Although there has now been a decision made on the definition of free range eggs, a ruling made by the Australian Federal Court after the decision, is making waves in the food industry.
The ruling imposed $300,000 penalty on an egg producer because labelling and promotion which occurred between 1 January 2012 to 2 December 2014, had eggs which were not free range and did not comply with Australian Consumer Law.
During the judgement Justice Edelman said the conduct was significant, occurring over nearly a three year period and involving a widely consumed food. He noted that the conduct concerned “representations upon which consumers were heavily reliant” and that the loss and damage suffered by consumers and competitors is likely to be significant.
CHOICE believes the court’s decision was correct, whereas the company and others in the food industry say that it is unfair.
CHOICE spokesperson Erin Turner said; “Ministers responsible for consumer affairs had an opportunity to clean up this market.
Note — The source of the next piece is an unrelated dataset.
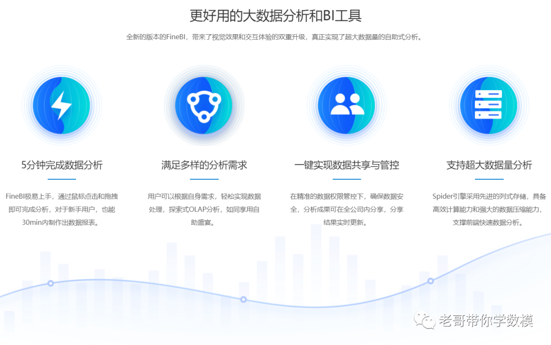 另外目前很多商业大数据分析工具也很好用,毕竟也不是所有企业都愿意用编程去处理数据的,这里介绍一下FineBI,FineBI是为大数据量提供数据处理、ETL、Dashboard报表展示、动态分析、报表管理的可视化分析工具。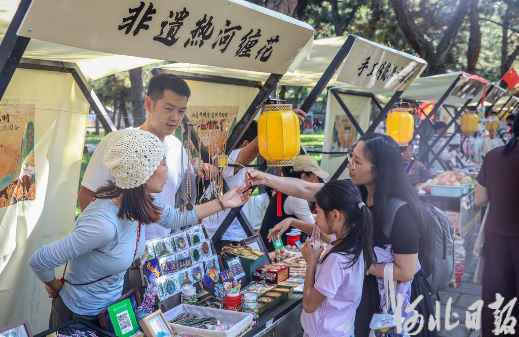 10月3日,游客在承德避暑山庄文化市集购买商品。河北日报记者李佳泽摄

Instead they bowed to the requests of big industrial egg producers and locked in an information standard that will continue to rip-off consumers as ‘free-range’ hens can still be kept in cramped conditions with no guarantee they go outside.”
Joe Lederman, expert in food law from food compliancy practice, FoodLegal said; “I can understand why the company could feel it was unfairly treated, it was advertising its eggs at a time when free range was not properly defined, it’s a bit rough.”
The case was initiated by the Australian Competition and Consumer Commission (ACCC).
ACCC Chairman Rod Sims said; “This decision reinforces the position the ACCC has taken that any free range egg claim must be backed by farming conditions which allow hens to actually move about on an open range each day.”
The company has responded to the ruling by confirming that the specific farm involved is no longer supplying their business and there have been various changes to it’s farm practices recently as well as a review of labelling.